You should choose a data structure depending on what operations you want. In this post, I would like to introduce a heap data structure. For operations such as insert, find or delete min, heap is the first option that you should consider. The following table shows that how efficient the heap is compare to other data structures.
insert | search | find min | delete min | |
---|---|---|---|---|
unsorted array | O(1) | O(n) | O(n) | O(n) |
sorted array | O(n) | O(logn) | O(1) | O(1) |
unsorted linked list | O(1) | O(n) | O(n) | O(n) |
min heap | O(logn) | O(n) | O(1) | O(logn) |
Heap is an almost complete binary tree which means that if all leaves present in one level then they should be filled from left to right. So the previous level should be completely filled first before going to the next level.
Side Note:
Given n elements, if the list is already sorted either a max or min heap, you should not sort it to make a heap.
The reason is that it takes O(n * logn).

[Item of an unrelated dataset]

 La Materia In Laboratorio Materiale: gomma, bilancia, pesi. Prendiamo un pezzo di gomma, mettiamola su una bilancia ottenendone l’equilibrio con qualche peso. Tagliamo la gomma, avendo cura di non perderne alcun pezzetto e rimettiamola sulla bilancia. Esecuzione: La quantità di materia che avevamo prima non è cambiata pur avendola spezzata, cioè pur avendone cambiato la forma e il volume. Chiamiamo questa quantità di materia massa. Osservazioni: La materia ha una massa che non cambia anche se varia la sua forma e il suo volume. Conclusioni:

If your purpose is just to construct a heap, there is a algorithm which takes only O(n).
Height & Nodes
In a complete binary tree, the relation between the height and the number of nodes is following:
H | 1 | 2 | 3 | 4 |
---|---|---|---|---|
Max | 3 | 7 | 15 | 31 |
Note that H represents the height of a tree and Max represents the number of maximum nodes relative to the height of the tree.
Therefore, Max = (2^(h+1) - 1) and H = floor(log n).
Implementation
The index of leaves starts from floor(n/2) + 1 to n and you can say that every leaf is a heap.
def max_heapify(array, i)
l = (2*i)
r = (2*i)+1
# we should subtract since given array includes 'nil' at position 0
heap_size = array.size - 1
# l <= heap_size condition ensures that the left child exists
if l <= heap_size && array[l] > array[i]
largest = l
else
largest = i
end
# r <= heap_size condition ensures that the right child exists
if r <= heap_size && array[r] > array[largest]
largest = r
end
# if root is the largest then no need to exchange
if largest != i
array[i], array[largest] = array[largest], array[i]

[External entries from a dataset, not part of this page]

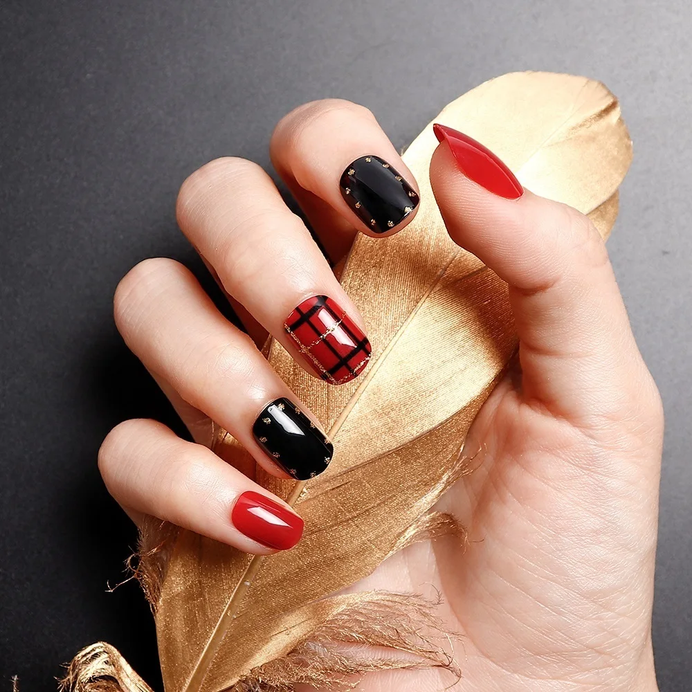 24 шт. элегантные винно-красные рождественские новогодние накладные ногти, накладные ногти, накладные ногти с клеем, стикер, накладные ногти, подарок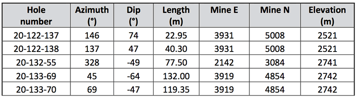 Best results for the Beaufor Mine property, 2020 drilling program (first set of assays):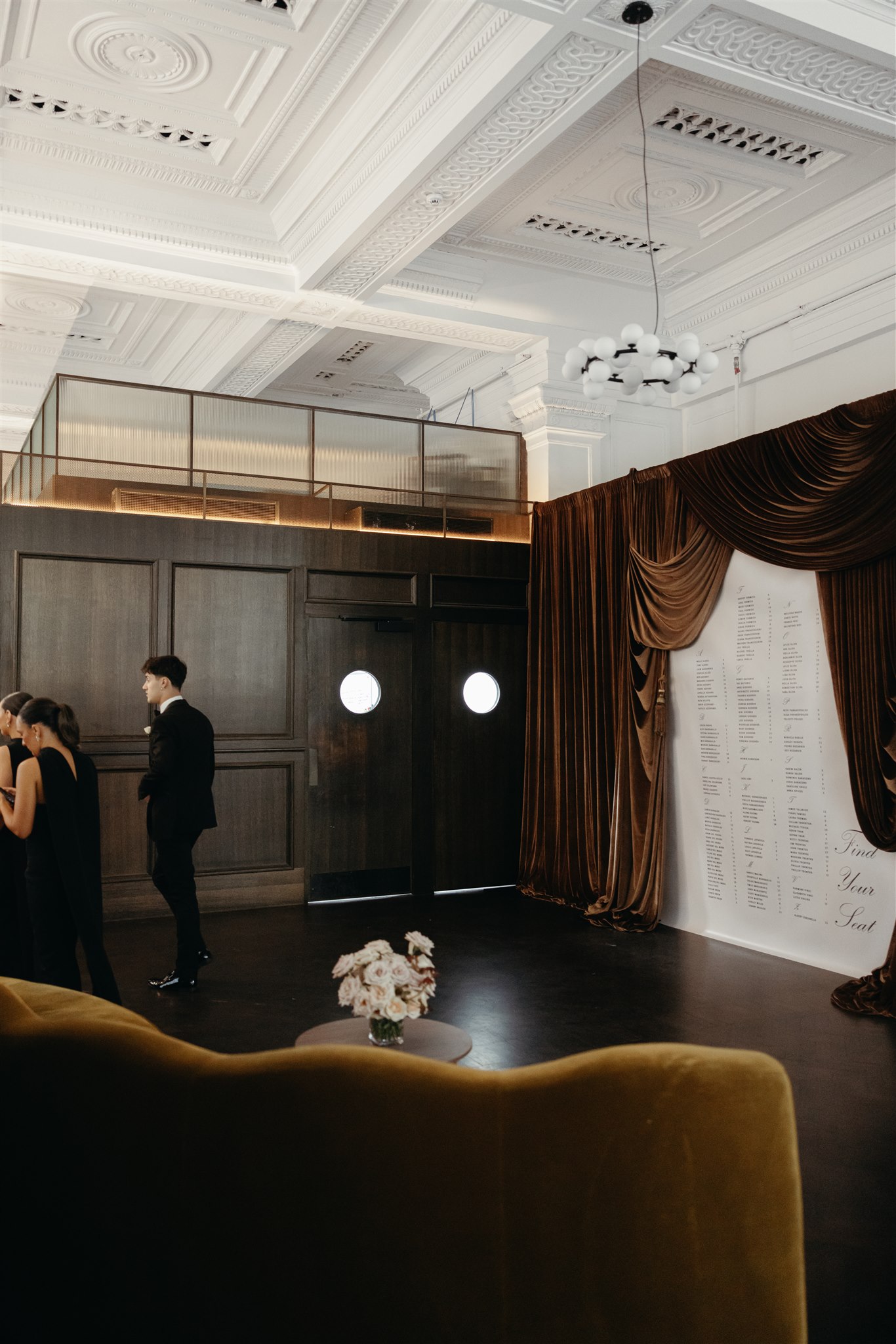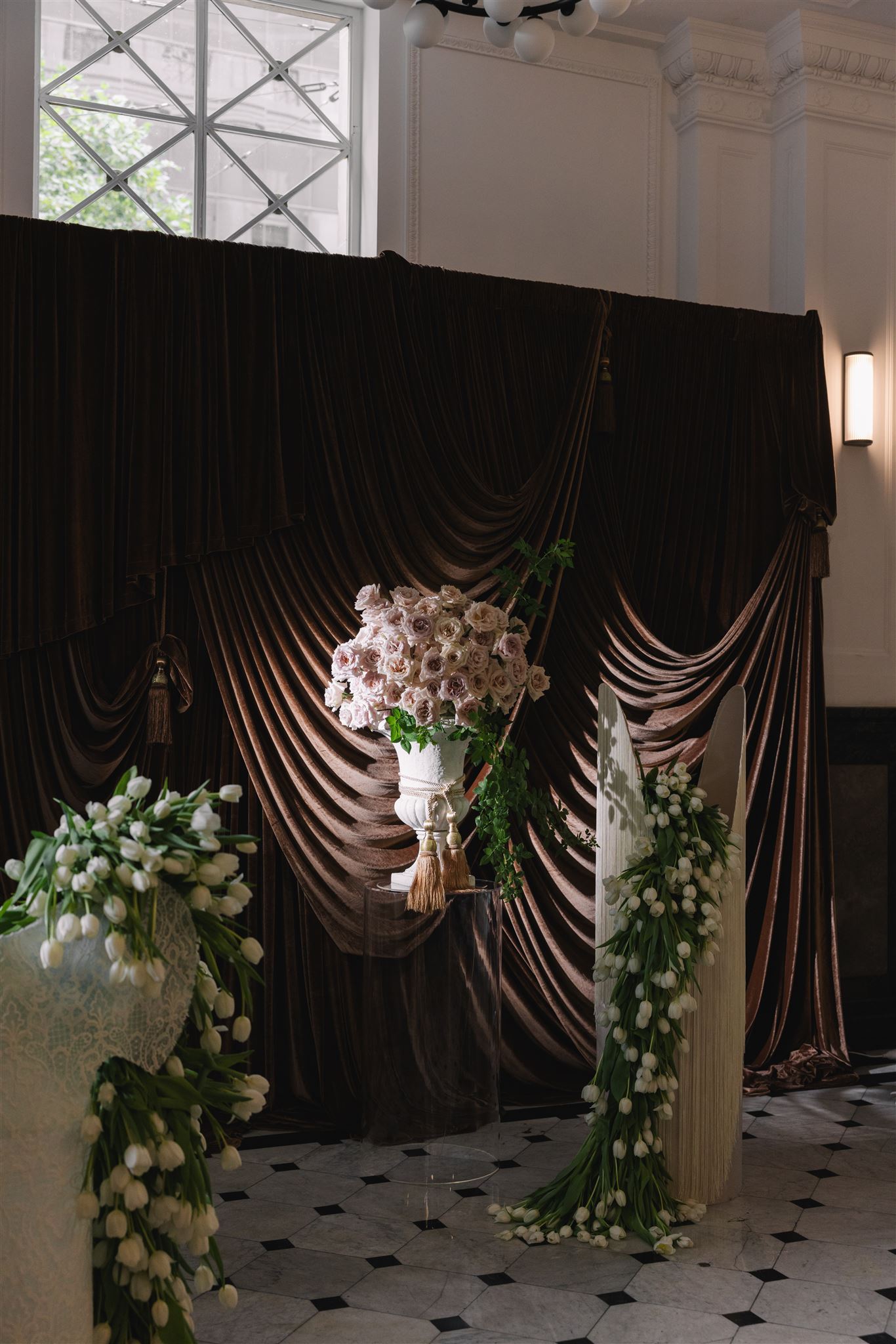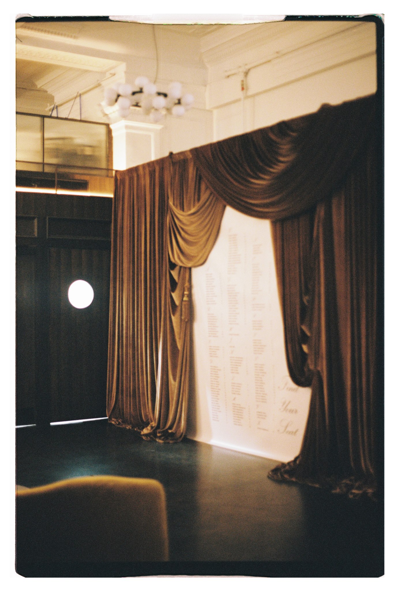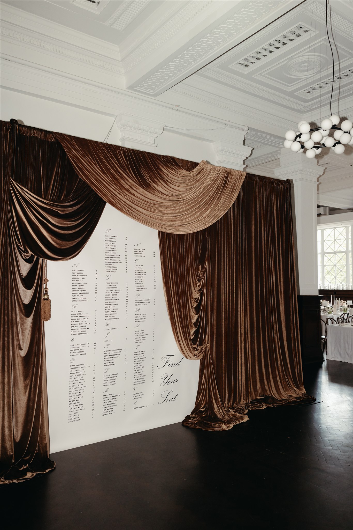 Instead of a traditional photo booth, Maxine and Phill opted for a live portrait photography booth. The mocha brown velvet draped backdrop was styled with handmade plinths crafted by Philoxi Styling, adorned with beautiful draping florals by florist Blonde Florals.

max_heapify(array, largest)
end
end
The time and space complexity is both O(log N).
def build_max_heap(array)
# array.size / 2 => last index of non-leaf
# leaf starts at the index of floor(array.size / 2) + 1
(array.size/2..1).each do |i|
max_heapify(array, i)
end
end
The time complexity is O(n) and the space complexity is O(log n).
array = [nil, 5, 10, 1, 20, 3, 11, 100]
p build_max_heap(array) # => [nil, 100, 20, 11, 10, 3, 5, 1]
def extract_max(array)
# base case
if array.size <= 1
return
end
# last element becomes the root then
# max heapify with array which the last element is already removed
max = array[1]
A[1] = array[-1]
max_heapify(array[0..array.size-1], 1) # => takes O(log n)
return max
end
In extract_max
function, it takes constant time until max_heapify
is called. We have already seen that max_heapify
takes the O(h) which is the height of the tree and therefore O(log n). The space complexity is also O(log n).

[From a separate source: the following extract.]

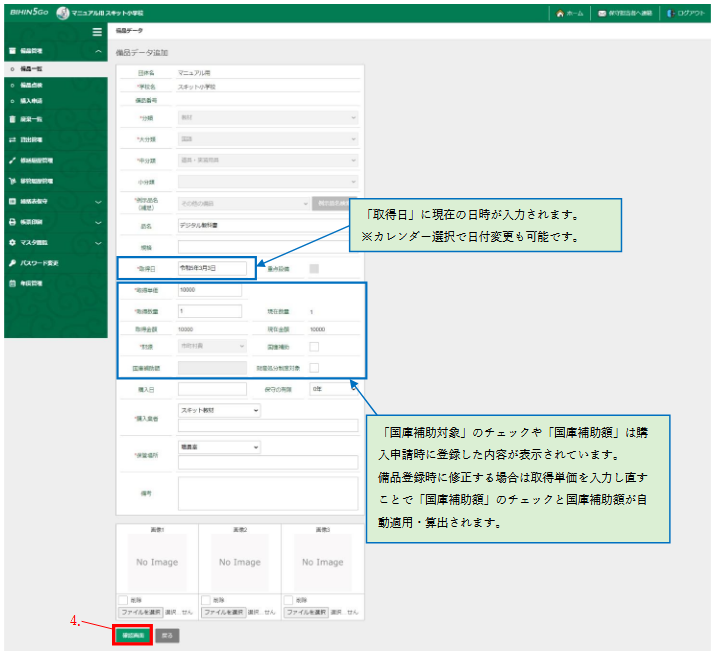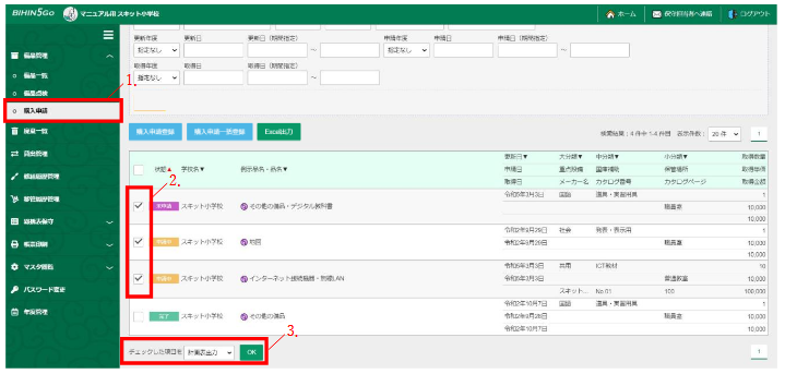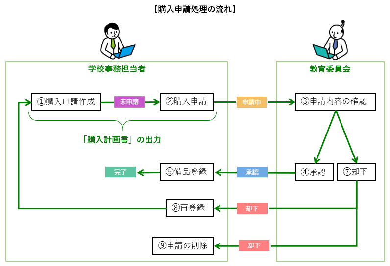 「購入申請」とは、購入計画段階の備品を申請し、教育委員会の承認を得て備品登録するための機能です。

def increase_key(array, i, key)
if key < array[i]
return
end
array[i] = key
# i > 1 condition ensures not to go beyond the root
# if the parent is less than the child then exchange
while i > 1 && array[i/2] < array[i]
array[i], array[i/2] = array[i/2], array[i]
i = i/2
end
end
The main operation occurs in while loop. The worst case happens when it starts from the deepest leaf and to the root. Then, it takes O(log n). The space complexity requires O(1) since it does not have a recursion.
Conclusion
Heap is optimized for the operations below:
Find max | Delete max | Insert key | Increase key | Decrease key | |
---|---|---|---|---|---|
Max Heap | O(1) | O(log n) | O(log n) | O(log n) | O(log n) |
We should consider a better data structures if these operations are required below:
Find min | Search | Delete | |
---|---|---|---|
Max Heap | O(n) | O(n) | O(n) |